> DATA SECTION
BEGIN

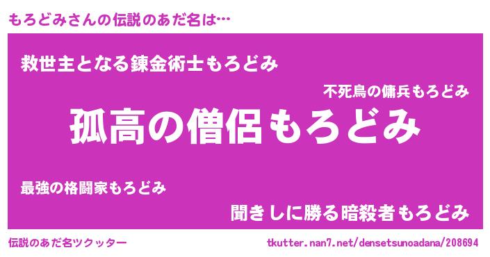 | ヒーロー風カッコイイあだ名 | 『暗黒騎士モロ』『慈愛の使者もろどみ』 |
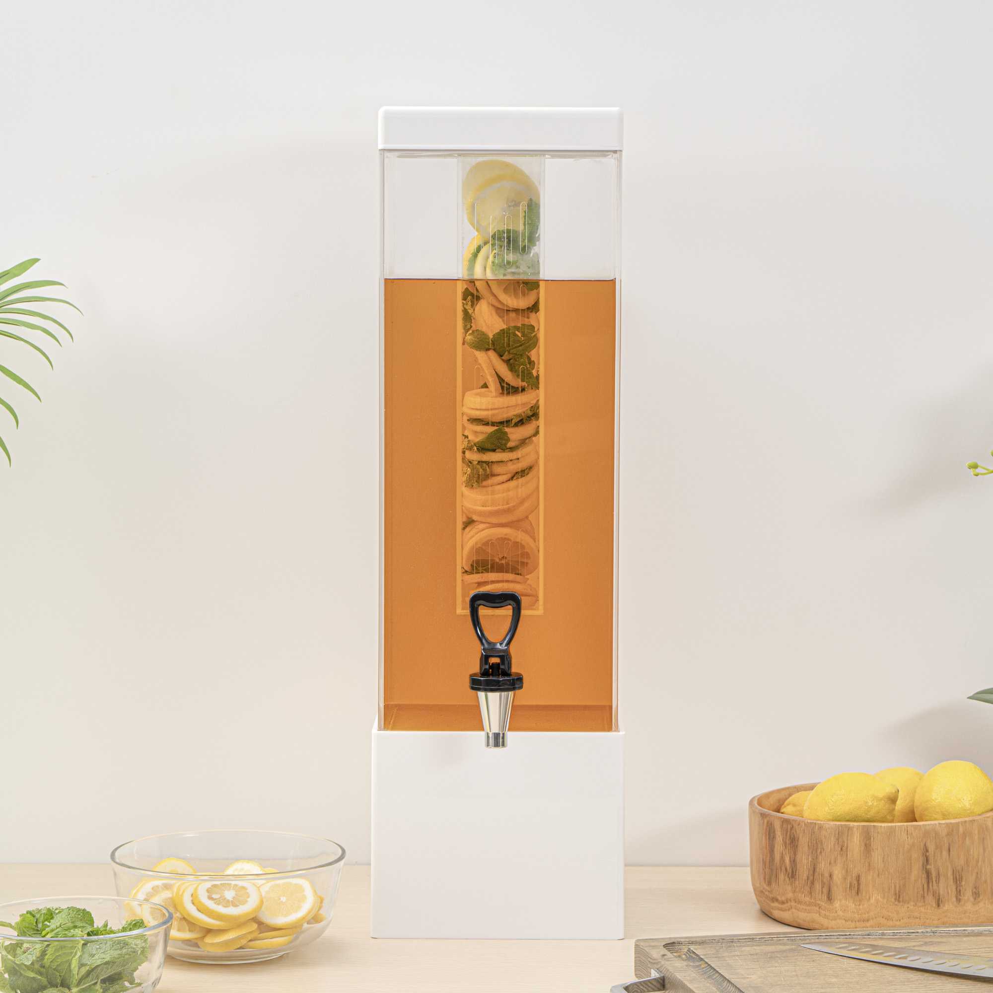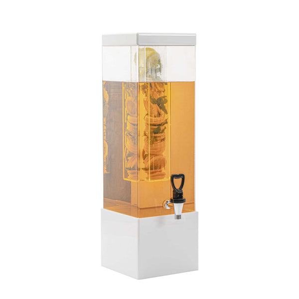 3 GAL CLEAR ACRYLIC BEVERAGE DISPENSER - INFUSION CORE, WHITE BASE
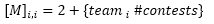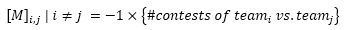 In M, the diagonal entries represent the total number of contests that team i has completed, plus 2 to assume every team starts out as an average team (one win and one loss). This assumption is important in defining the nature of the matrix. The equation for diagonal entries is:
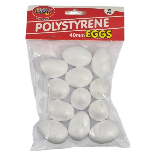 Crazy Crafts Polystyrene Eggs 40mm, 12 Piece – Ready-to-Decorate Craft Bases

END
BEGIN

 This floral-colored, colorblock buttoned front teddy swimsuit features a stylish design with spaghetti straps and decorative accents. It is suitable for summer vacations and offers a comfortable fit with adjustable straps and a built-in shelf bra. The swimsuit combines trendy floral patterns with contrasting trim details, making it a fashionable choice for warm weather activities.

END

> WORK TASK
Set down exactly the lines above, from the line containing "ヒーロー風カッコイイあだ名 | 『暗黒騎士モロ』『慈愛の使者もろどみ』 |" through the line containing "Crazy Crafts Polystyrene". Skip the pictures.

> WRITTEN ANSWER
 | ヒーロー風カッコイイあだ名 | 『暗黒騎士モロ』『慈愛の使者もろどみ』 |
 3 GAL CLEAR ACRYLIC BEVERAGE DISPENSER - INFUSION CORE, WHITE BASE
 In M, the diagonal entries represent the total number of contests that team i has completed, plus 2 to assume every team starts out as an average team (one win and one loss). This assumption is important in defining the nature of the matrix. The equation for diagonal entries is:
 Crazy Crafts Polystyrene Eggs 40mm, 12 Piece – Ready-to-Decorate Craft Bases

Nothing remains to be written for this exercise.